# An LGD for poultry?



## CraterCove

I was wondering... Where we plan to have a pond to 'keep' fish is where I'd like to have my poultry. However, with the contours of our land that is not really near where the current house is or where the someday awesome house will be. I plan to have houses to lock the chickens and ducks in at night for their own safety, but are there any dogs that would make good guardians? Do you have to raise them specifically with birds?

I am looking at the Akbash for my goats. We live in a hot southern climate so that is something to keep in mind. 

Any suggestions?


----------



## Wolf Flower

My Akbash is great with my poultry, but it was a learning curve. The first spring he was here, he thought that hatchlings were vermin to be dispatched. But once he learned that the babies are to protect and not eat, he's been awesome. 

But he does steal eggs.


----------



## CraterCove

I have never had any experience with training or acclimating a LGD to doing it's job. It's actually a bit intimidating to me. I have trained dogs before, even to ignore other animals when they have a strong prey drive... but not to be protective of animals that they might otherwise munch.

And thanks for the warning on the eggs!


----------



## Bearfootfarm

> but not *to be protective *of animals that they might otherwise munch


You don't need to train a GOOD LGD to "be protective" BUT you do have to train them to not play too rough or try to eat the birds, and it requires a LOT of work and patience.

It's best to have them with birds at as young an age as possible, but even then it won't always work out well.

They are more suited to guarding larger livestock.

Here is some good info on LGD's:

http://www.bountifulfarm.com/lgd_seminar.htm


----------



## CraterCove

That is a fantastic link, thanks so much for it.
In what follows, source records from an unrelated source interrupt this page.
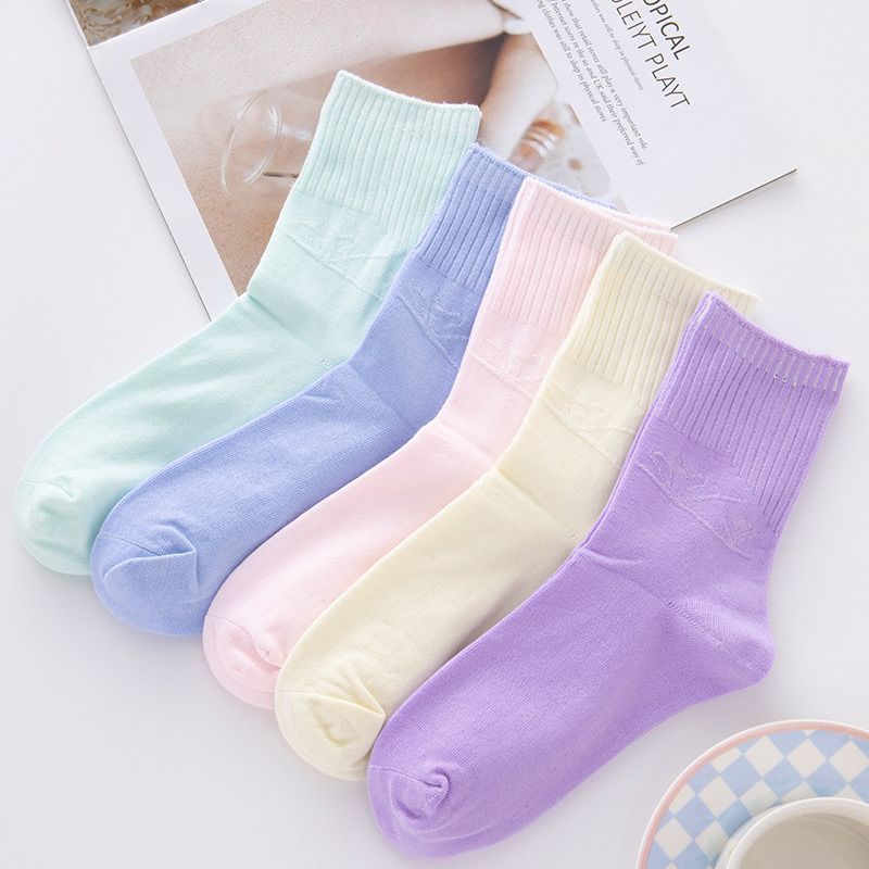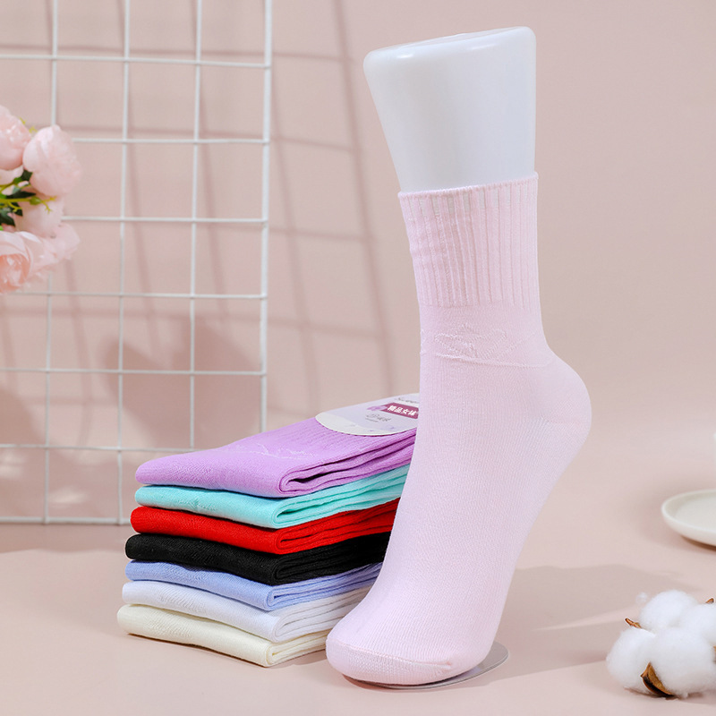 여성용 양말, 개별 포장, 가을 겨울 종아리 중간 양말, 노점 선물, 여성용 양말, 단색 여성용 면 양말스토어 가기
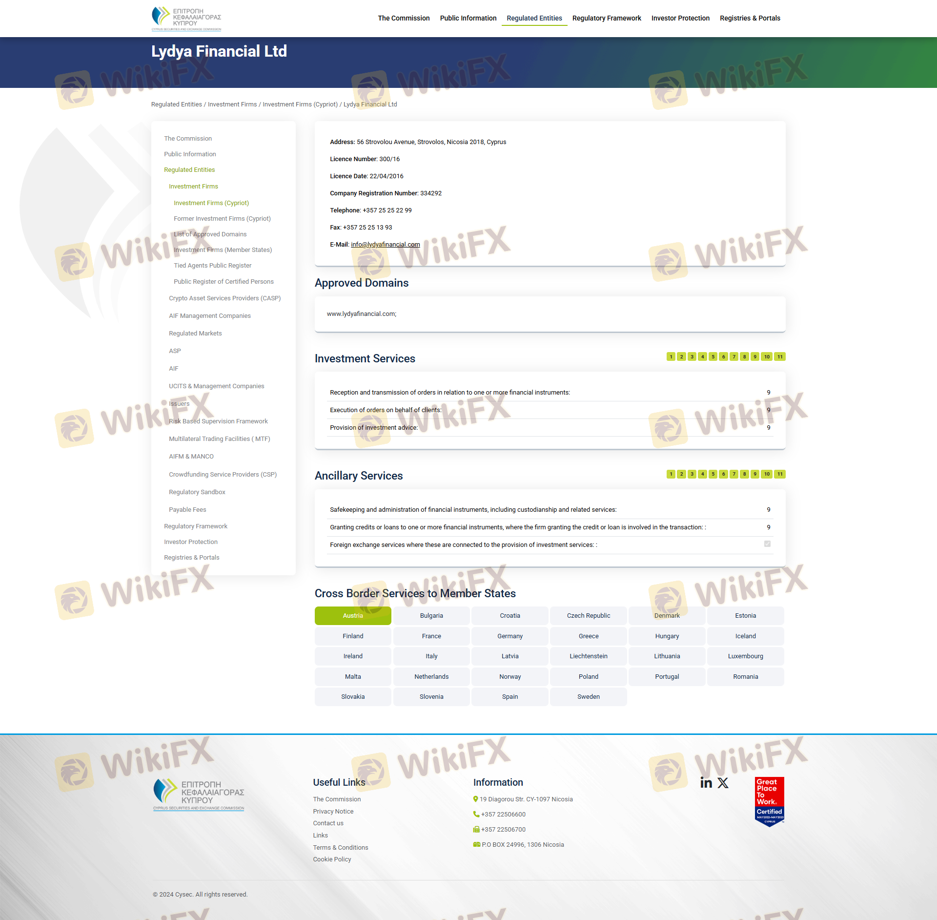 Regarding the legitimacy of Lydya Financial forex brokers, it provides CYSEC and WikiBit, .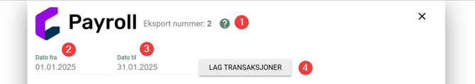 NB: Dersom grunnlaget for eksporten endres – for eksempel at timelønnsarten justeres eller at de opprinnelig godkjente timene redigeres – vil «LAG TRANSAKSJONER» opprette nye transaksjonslinjer for eksporten.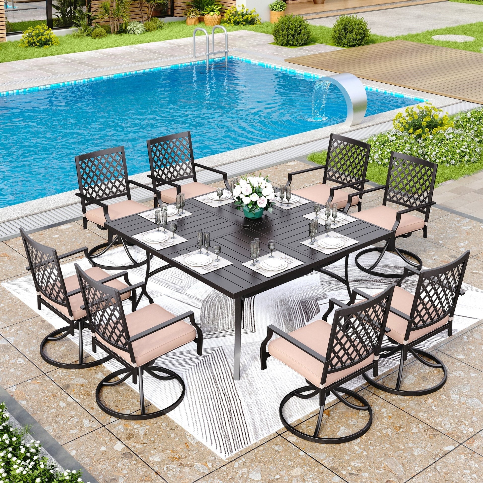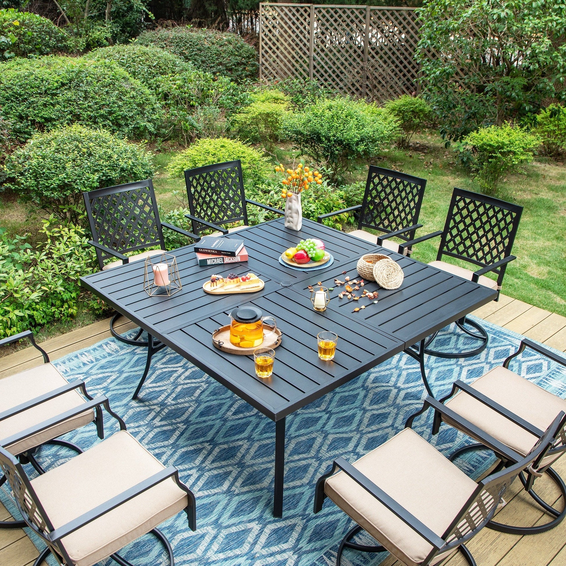 MAISON ARTS 9-Piece Patio Dining Set, 60 Inch Square Metal Table and 8 Swivel Dining Chairs

This is why I am here. LGD's are not my specialty and I need to learn a lot about them before I take that plunge.


----------



## SilverFlame819

A lot of people have issues training LGD's for birds, as they just weren't bred to think of birds as members of their pack to protect. I watched a show on it once, and the lady in the show had success with a Pyrenees as her poultry protector. From the time it was a tiny puppy, she would reprimand it for eye contact with the birds... So it grew up thinking of the birds as being higher ranking or off limits, but still had the same reaction to "outside" animals who were not members of its birdy pack.

It's good that you're doing lots of research first. I would try to find some people who have raised or used LGD's specifically for poultry and pick their brains!


----------



## Spinner

My Great Pyr's are good with the chickens. As young pups, they sometimes want to play with the chickens, but once or twice of letting them know not to play that way and they did great. I have one chicken DS made a pet out of. That crazy chicken roosts on my oldest pyr every night. During the winter when it gets too cold, a lot of the chicks would cuddle up with her and she was fine with it.


----------



## CraterCove

So, it's seeming like while this might be a difficult proposition, it is possible. We have the Pyr and Akbash that people are currently using for poultry guarding. And the Akbash is what I was looking at for my goats. Pyrs can be wonderful dogs... but man that coat! I wonder, in hot regions can you shave them? lol!

Anyone know of any good forums devoted to LGDs? I won't need such a dog for a couple of years but I never like doing anything without a goodly amount of research before hand.


----------



## Wolf Flower

CraterCove said:


> Pyrs can be wonderful dogs... but man that coat! I wonder, in hot regions can you shave them? lol!


Yes, you can. People do it all the time in hot, humid climates, but you have to be careful not to shave them too close, as they can sunburn!

I was really lucky to get a nice short-coated Akbash.

On the subject of LGDs and poultry... The other day DH got mad at Whaley, the Akbash, because it looked like he was attacking a goose! I didn't see it, so I wondered what in the world would happen that would make Whaley attack a goose, especially right in front of DH. By the time I got there, DH was hopping mad and Whaley was lying on his back with all his feet in the air in a doggie apology.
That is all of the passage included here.